第2節 マシン室
2−1 フリーアクセスフロア
マシン室は、配線のとりまわしなどのために、フリーアクセスフロアを採用している事例が多いが、それが陥没するなどの被害が目立った。同じフリーアクセスフロアでも支柱を床に固定しているか、床板の中に固定されているものがあるかどうかなどで強度に差が出ている。床板が一部外れたために穴ができて、機器類の転倒の原因になったものが多い。
2−2 空調設備
今回の調査の中で最も被害が目立ったのは、空調設備、特に水冷の設備だった。クーリングタワーの倒壊、配管破損による液漏れ、断水による機能停止などである。これは地方公共団体だけではなく、阪神・淡路大震災における情報システム関連の被害全般について同様の状況であるものと考えられる。(日経コンピュータ95年3月20日号『特別レポート阪神大震災の現場から』)そして、水冷式空調設備の被害は、復旧までに時間を要したケースが多かった(1か月〜数か月)。

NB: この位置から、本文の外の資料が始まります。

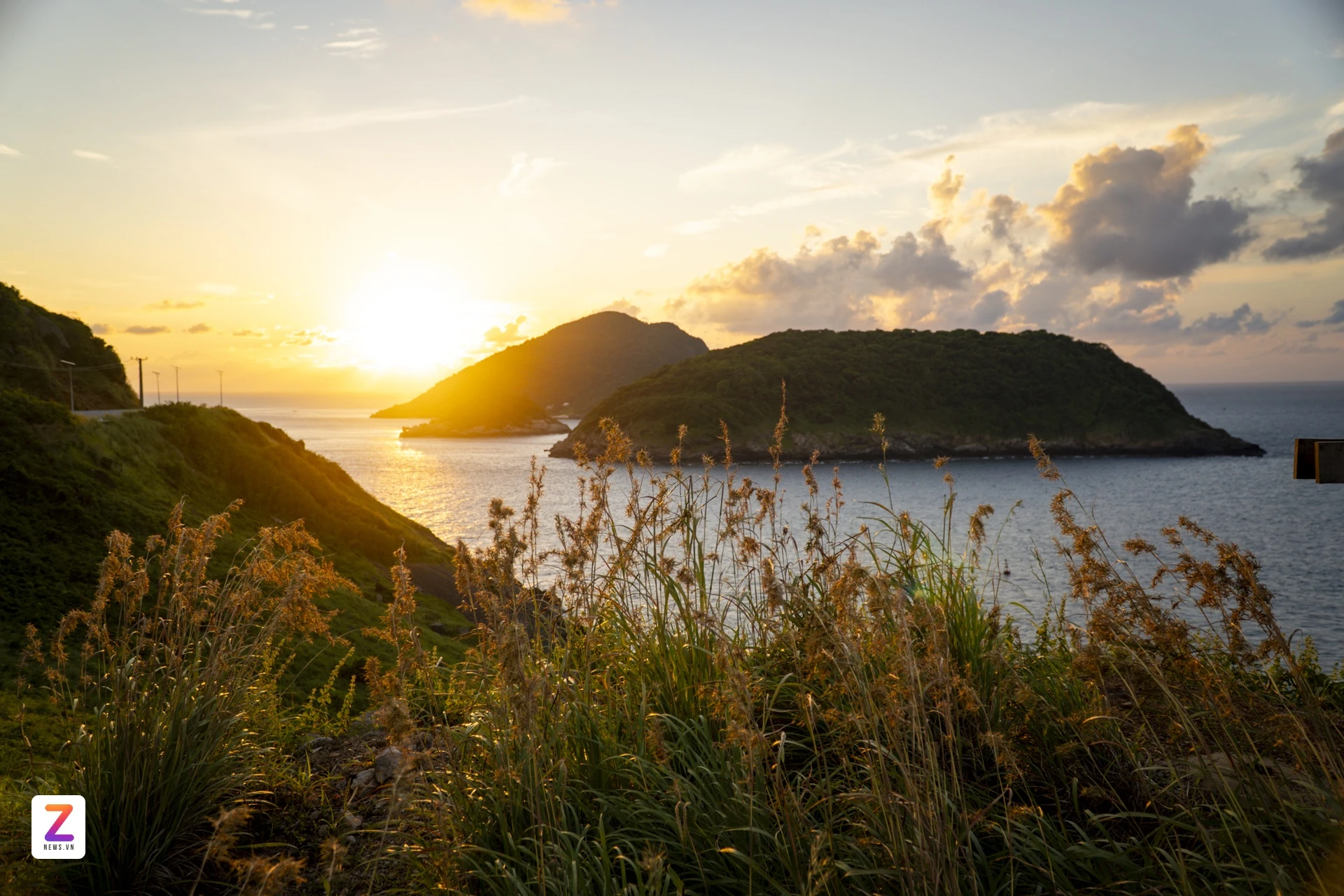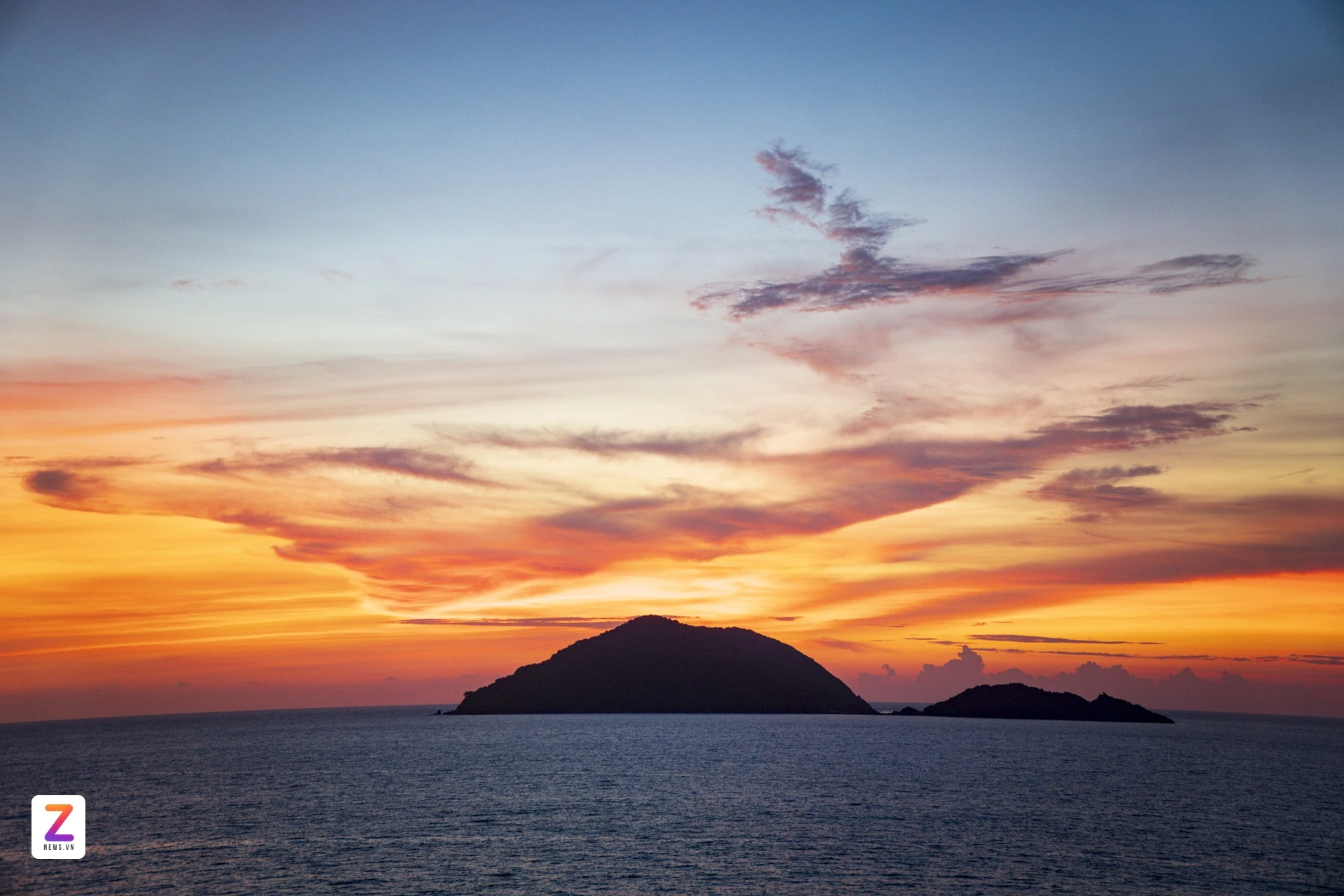 Bình minh trên đảo bắt đầu bằng màn sương mỏng phủ lên mặt biển phẳng lặng. Khi những tia nắng đầu tiên ló rạng sau rặng núi, mặt nước chuyển dần từ xám bạc sang vàng hồng, rồi ánh lên sắc xanh ngọc trong vắt. Từng đoàn thuyền đánh cá trở về sau đêm ra khơi, in bóng trên nền trời rực sáng, tạo nên bức tranh sinh động nhưng bình yên đến lạ.

コンピュータは多量の熱を発生し、冷却を行わなければ安全な運転は望めない。空調設備はその要となるものであり、それが最も被害を受けたにもかかわらず早期に運用を再開できたのは、阪神・淡路大震災が冬に発生したために外気温が低く、外気の取り込みや補助空冷設備の運転で室温が維持できたことによるところが大きいといえよう。
2−3 電源設備
電源設備関連では、電力供給が停止しても、自家発電システム等のバックアップ電源を稼動させたところが多かった。なかには、コンビュータヘの電気供給のパスをUPS(Uninterruptible Power Supply無停電電源装置)だけに限定している地方公共団体で、UPS自身が損壊したために供給不能になってしまい、急邊UPSを迂回する工事を行って電源を確保したところもあった。
バックアップ電源関連の被害では、バッテリ盤が転倒してバッテリ液が漏れ、マシン室のセメント床を溶かしてしまった例があった。また、電源がショートしてバッテリが溶解燃焼し、火災が発生した例もあった。